WORK INSTRUCTION: Transcribe the data verbatim and drop its images.

SUPPLIED DATA:
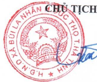
Dương Đức Đồng
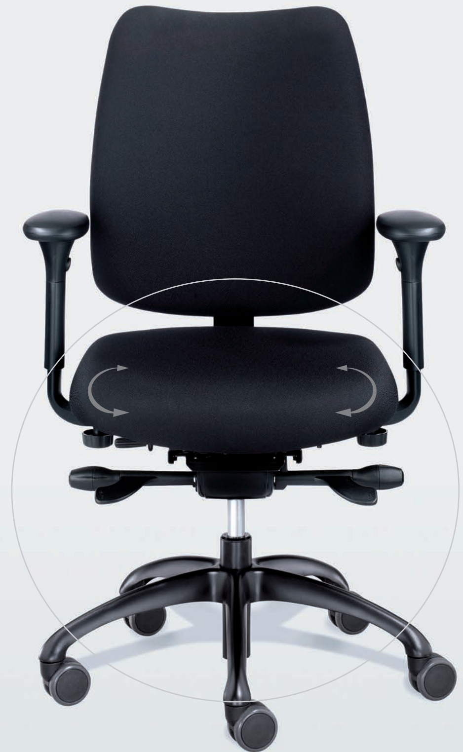
: figo FG 2051, Polster C 280 Cottbus
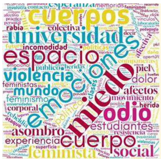
Imagen 1: Mapa de las palabras presentes con mayor frecuencia en las bitácoras. Taller de sentipensar.

Posteriormente, en el proceso colectivo llegamos a una composición sin saber a dónde íbamos; descubrimos un mosaico de lo que atravesamos, un tejido colectivo de voces, reflexiones y miradas, formas de observar que, encuentro a encuentro, sumaban color a esta composición colectiva, a esta forma de tejer reflexión conjunta.
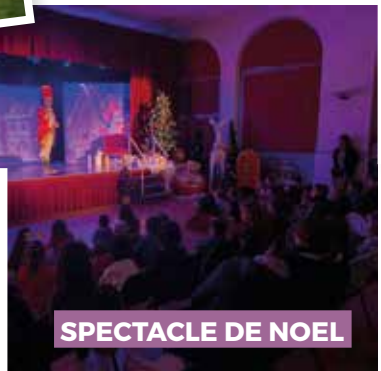
SPECTACLE DE NOEL
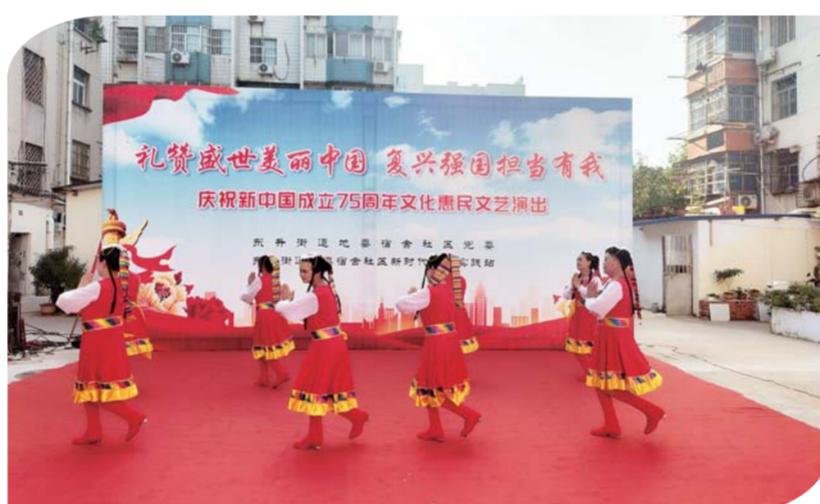
日前,东升街道地委宿舍社区党委、新时代文明实践站举行“礼赞盛世美丽中国 复兴强国担当有我——庆祝新中国成立75周年文化惠民文艺演出”,抒发广大群众爱党爱国爱社会主义、爱祖国、爱家乡、爱亲人、爱生活、爱和平的强烈感情。

SOLUTION TO THE EXERCISE:
Dương Đức Đồng
: figo FG 2051, Polster C 280 Cottbus
Imagen 1: Mapa de las palabras presentes con mayor frecuencia en las bitácoras. Taller de sentipensar.

Posteriormente, en el proceso colectivo llegamos a una composición sin saber a dónde íbamos; descubrimos un mosaico de lo que atravesamos, un tejido colectivo de voces, reflexiones y miradas, formas de observar que, encuentro a encuentro, sumaban color a esta composición colectiva, a esta forma de tejer reflexión conjunta.
SPECTACLE DE NOEL
日前,东升街道地委宿舍社区党委、新时代文明实践站举行“礼赞盛世美丽中国 复兴强国担当有我——庆祝新中国成立75周年文化惠民文艺演出”,抒发广大群众爱党爱国爱社会主义、爱祖国、爱家乡、爱亲人、爱生活、爱和平的强烈感情。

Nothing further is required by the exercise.